Now the variogram indicates significant spatial autocorrelation of growth values, with a nugget of about 0.9 and a ‘range’ (here the x value where y=1) of about 100 m.  We can first ask whether a spherical correlation structure is appropriate using the correlation=corSpher argument; note corSpher would like starting values for the range and nugget parameters (when nugget=T).  (Warning: this took me about 20 minutes to optimize).
tr.mod2 = update(tr.mod1,correlation=corSpher(c(100,0.9),form=~xcoord+ycoord,nugget=T))

summary(tr.mod2)

Generalized least squares fit by REML

  Model: INCR ~ DBH

  Data: trees3

       AIC     BIC    logLik

  3492.997 3518.12 -1741.498

 

Correlation Structure: Spherical spatial correlation

 Formula: ~xcoord + ycoord

 Parameter estimate(s):

       range       nugget

1.053204e+05 2.488153e-03

 

Coefficients:

                  Value Std.Error   t-value p-value

(Intercept) -0.18772279 21.593435 -0.008694  0.9931

DBH          0.00660686  0.001732  3.814293  0.0001

 

 Correlation:

    (Intr)

DBH -0.002

 

Standardized residuals:

        Min          Q1         Med          Q3         Max

-0.57888285  0.00798371  0.02819694  0.05323549  0.48943971

 

Residual standard error: 21.64101

Degrees of freedom: 1126 total; 1124 residual

We have a huge AIC advantage here:

anova(tr.mod1,tr.mod2)

        Model df      AIC      BIC    logLik   Test  L.Ratio p-value

tr.mod1     1  3 3590.035 3605.109 -1792.017                        

tr.mod2     2  5 3492.997 3518.120 -1741.498 1 vs 2 101.0376  <.0001

But clearly the correlation structure did not do what we expected, because the MLEs for the range and nugget are nonsensical (10532 and 0.0025, resp.).  We can force the issue by fitting the corSpher structure again, but with non-fitted range and nugget values using the fixed=T argument:

tr.mod3 = update(tr.mod1,correlation=corSpher(c(100,0.9),form=~xcoord+ycoord,nugget=T,fixed=T))

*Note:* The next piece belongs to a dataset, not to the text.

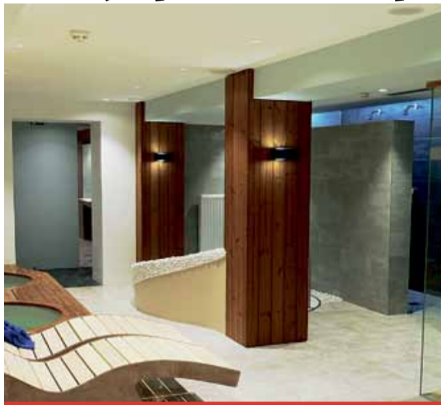
Díky investicím mládežnického klubu se stadion v majetku města Litvínov zmodernizoval. Rehabilitační centrum, stejně jako předchozí posilovna a rozcvičovna jsou primárně určeny mládeži. Do vybudování zázemí pro mládežnický sport investoval HC Litvínov, s.s. bezmála 20 mil. Kč.

plot(Variogram(tr.mod3,form=~xcoord+ycoord))

anova(tr.mod2,tr.mod3)
        Model df      AIC     BIC    logLik   Test  L.Ratio p-value

tr.mod2     1  5 3492.997 3518.12 -1741.498                       

tr.mod3     2  3 3501.966 3517.04 -1747.983 1 vs 2 12.96868  0.0015

The variogram of the fixed correlation model shows our assumed correlation structure, but the LRT shows that we’re not accounting for much of the spatial autocorrelation function, and that the weirdly parameterized corSpher model does a better (but not particularly helpful) job.  Would exponential correlation work better?
tr.mod4 = update(tr.mod1,correlation=corExp(c(100,0.9),form=~xcoord+ycoord,nugget=T))
summary(tr.mod4)
Generalized least squares fit by REML

  Model: INCR ~ DBH

  Data: trees3

       AIC      BIC    logLik

  3491.192 3516.316 -1740.596

 

Correlation Structure: Exponential spatial correlation

 Formula: ~xcoord + ycoord

 Parameter estimate(s):

     range     nugget

34.4006815  0.7747585

 

Coefficients:

                Value  Std.Error  t-value p-value

(Intercept) 0.3159240 0.21814152 1.448252  0.1478

DBH         0.0066374 0.00173083 3.834806  0.0001

 

 Correlation:

    (Intr)

DBH -0.224

 

Standardized residuals:

         Min           Q1          Med           Q3          Max

-10.70824455  -0.27256013   0.08697457   0.53202986   8.28691426

 

Residual standard error: 1.217159

Degrees of freedom: 1126 total; 1124 residual
The range and nugget parameters make more sense, and the AIC value is slightly better than tr.mod2 (3491.2 vs. 3493.0); the correlation structures are not nested so we can’t obtain a P value for the difference, but here we’d probably choose to go with corExp.  We check the status of our residuals with tr.mod4: 
plot(Variogram(tr.mod4))
The variogram suggests we still have work to do.